東京駅から名古屋へ向かう新幹線の車内で、私はいつものように指定された席へ向かいました。
その日は仕事の研修に参加するための移動でした。朝から予定が詰まっており、少しでも体調を崩さないよう、事前に座席選びにも気を配っていました。
私が予約したのは、普通車の通路側の席。
窓側ではなく、あえて通路側を選んだ理由があります。
それは、ただ「景色を楽しみたい」「立ち上がりやすい」という単純な理由ではありませんでした。
しかし、その事情を私は誰にも話すつもりはありませんでした。
指定席とは、料金を支払って自分が確保した場所です。もちろん、困っている人がいれば助けたい気持ちはあります。でも、自分にも守らなければならない事情がある。
そのことを、まさか新幹線の中で説明することになるとは思ってもいませんでした。
席に座って数分後、隣に座っていた女性が突然声をかけてきました。
「すみません、夫と席を交換してもらえませんか?」
女性の隣には、7歳くらいの男の子が座っていました。
話を聞くと、女性の席は私の隣の窓側。息子さんは窓側の席に座っていましたが、夫の席だけが車両後方に離れているとのことでした。

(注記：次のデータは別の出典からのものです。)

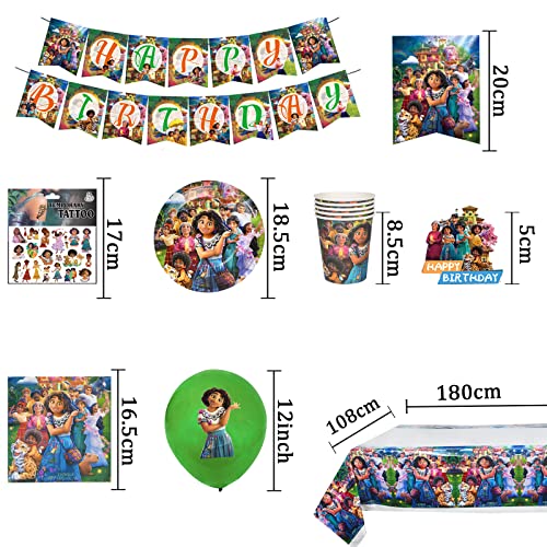 Encanto Stoviglie di Compleanno Set, Encanto Party Set,Set di Articoli per Feste Piatti per Feste Tazze Tovaglioli Tovaglia e Addobbi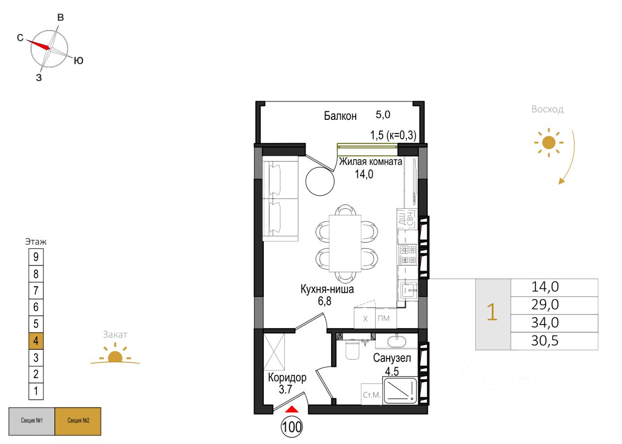 34 м² · Этаж 9 из 9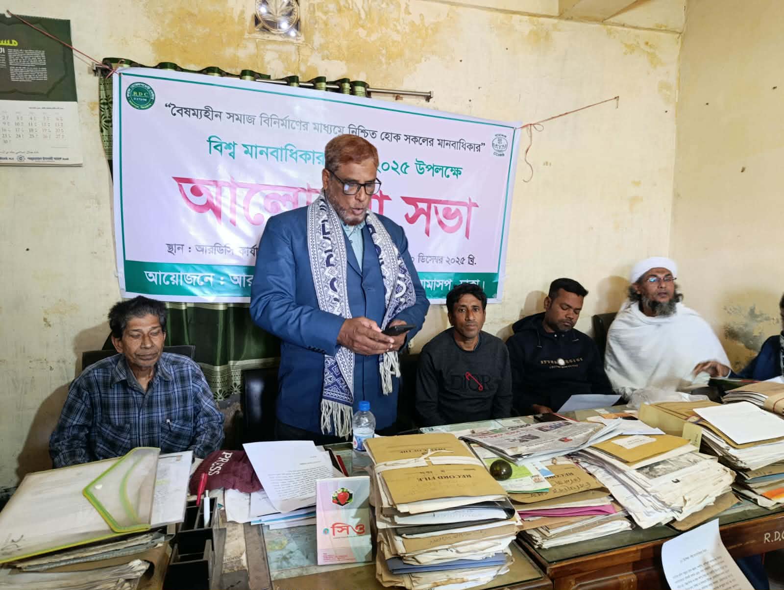 বুধবার সকালে আরডিসি কার্যালয়ে আরডিসির নির্বাহী প্রধান মোঃ আব্দুর রহমানের সভাপত্বিতে অনুষ্ঠিত সভায় বক্তব্য রাখেন মহেশপুর প্রেসক্লাবের সাধারণ সম্পাদক শেখ এনামুল হক দুলু, সিনিয়র সহ-সভাপতি বারর আলী বাবু,সাংগঠনিক সম্পাদক পলাশ রহমান, ব্যবসায়ী শামীম আহম্মেদ,আবুল কাসেম, মাহমুদুল হাসান মিলন,ইশারত আলী। অনুষ্ঠানে আরো উপস্থিত ছিলেন,আরডিসি‘র প্রোগ্রাম অফিসার মোঃ ওসমান গণি,সমাজসেবক মোঃ নাজমুল হোসেন,হাসান আলী,রজমান আলী, লিটন মিয়া,তরিকুল ইসলাম,রনি আহম্মেদ,আতিউর রহমান, মেহেদী হাসান সিরাজী প্রমুখ। সভায় বক্তারা বিশ্ব মানবাধিকার দিবসের বিষয়বস্তু নিয়ে বিস্তারিত আলোচনা করেন এবং যাতে মানুষের দ্বারা মানবাধিকার লঙ্ঘন না হয় আর বিশ্ব মানবাধিকার বজায় থাকার আশা সকলে।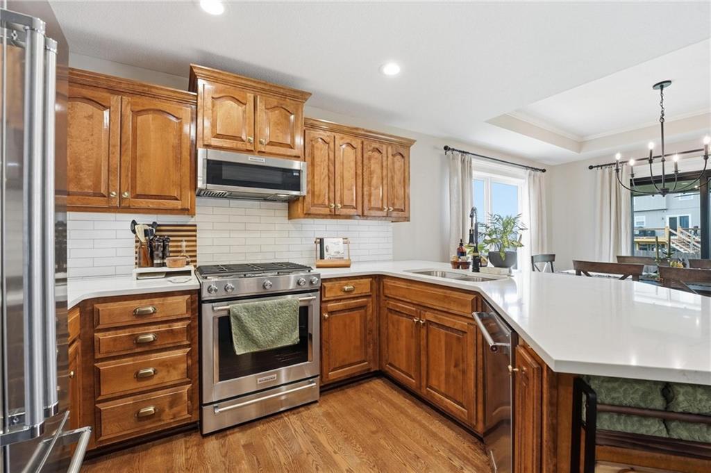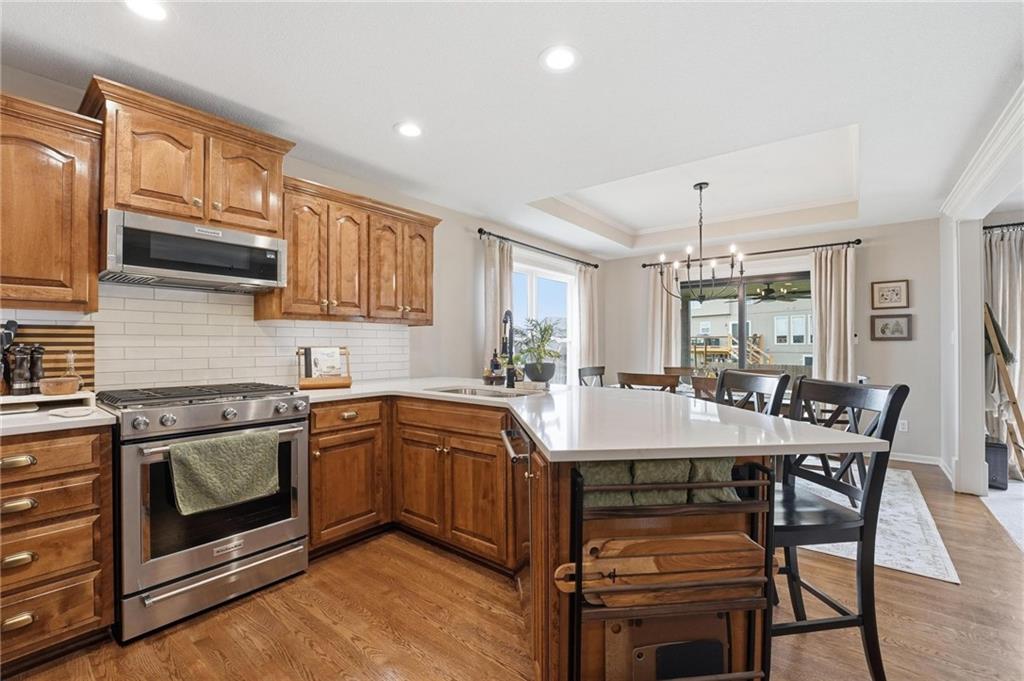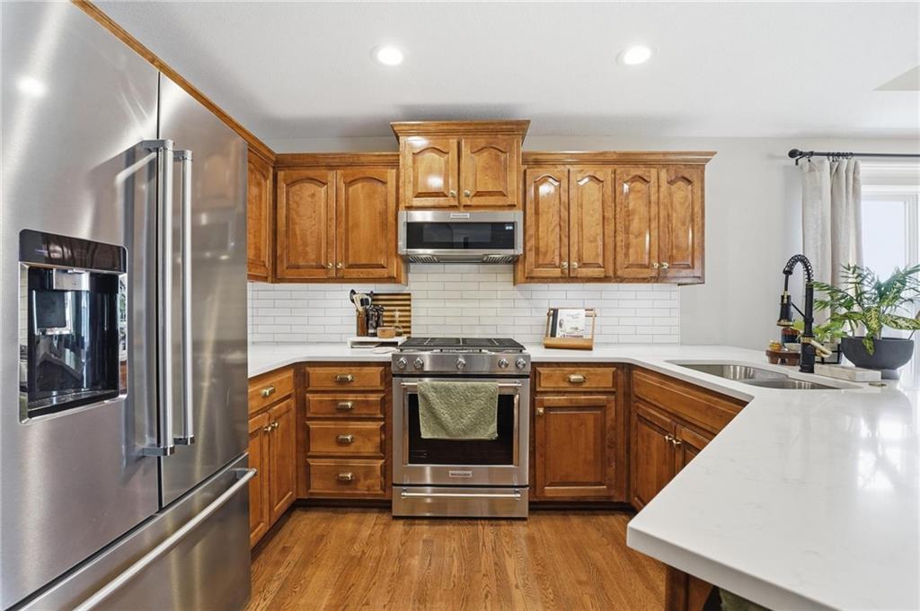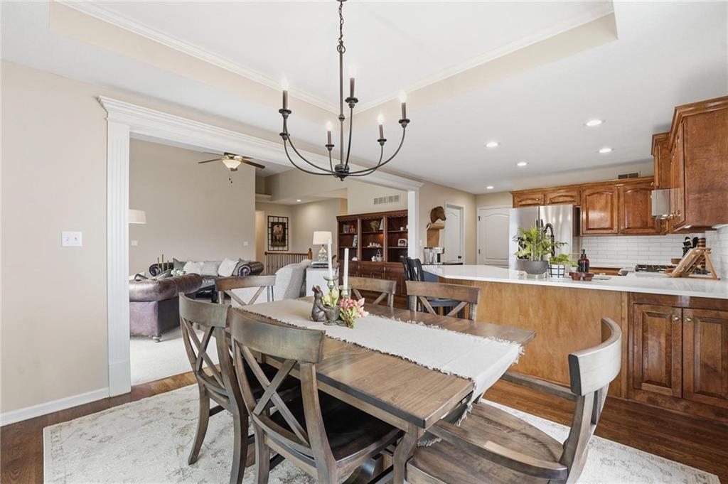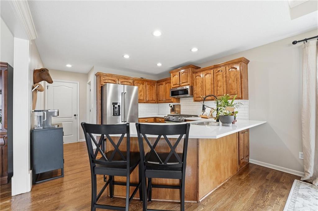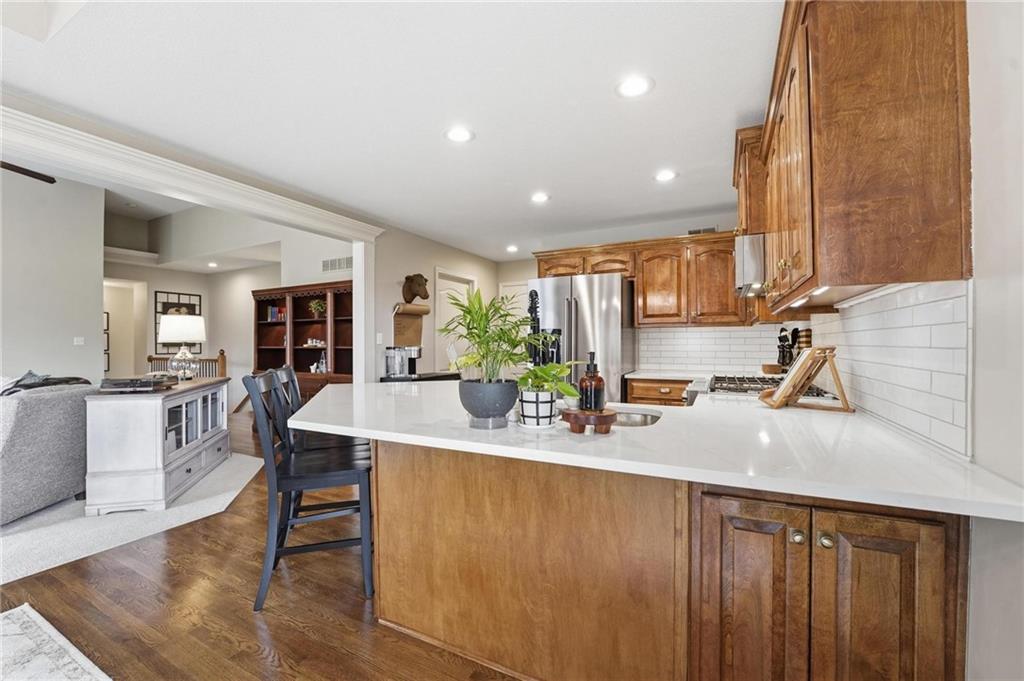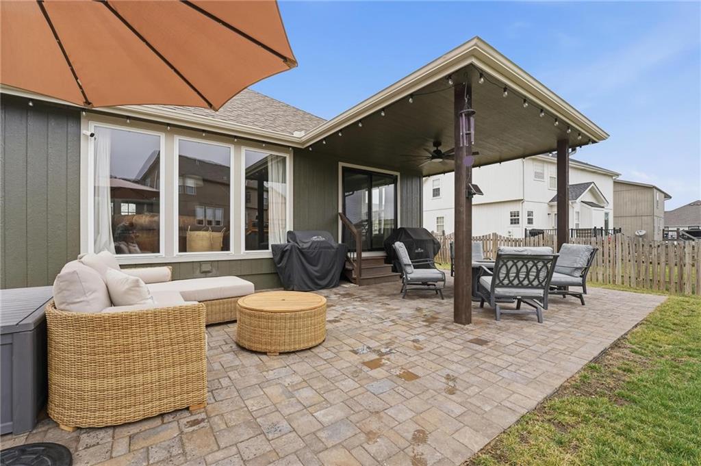Picture-perfect and truly move-in ready, this impeccable 3-bedroom ranch delivers effortless main-level living with thoughtful upgrades throughout. An open floor plan, gorgeous hardwood floors, and brand-new carpet create a warm, welcoming feel from the moment you step inside. The stunning updated kitchen is the heart of the home, featuring quartz countertops, a stylish tiled backsplash, stainless steel appliances, and a gas convection range — ideal for both everyday living and entertaining. Primary bedroom features ensuite bath with double vanity, shower, tub, walk in closet and tiled floors. The full unfinished basement, already stubbed for a full bath, offers incredible potential for future expansion — whether you envision additional living space, a home gym, media room, or private guest suite. Step outside to the fenced yard with covered paver stone patio, the perfect setting for morning coffee, summer grilling, or relaxing evenings under the lights. With over $85,000 in recent upgrades — including a 40-year roof, tankless water heater, exterior paint, irrigation system, new exterior doors, updated appliances, and more — this home offers peace of mind along with polished style. Located within the award winning Lee's Summit School District.

「この子、知らない人と同じ列だと怖がってしまうんです。
家族で並んで座りたいので……」
女性は申し訳なさそうな表情を浮かべていました。
ですが、私はすぐに答えました。
「申し訳ありません。この席は必要なので、変わることはできません」
女性は少し驚いたような顔をしました。
「でも、夫の席も普通車ですよ。窓側ですし、どこに座っても同じじゃないですか?」
確かに、座席の種類だけを見れば同じ普通車です。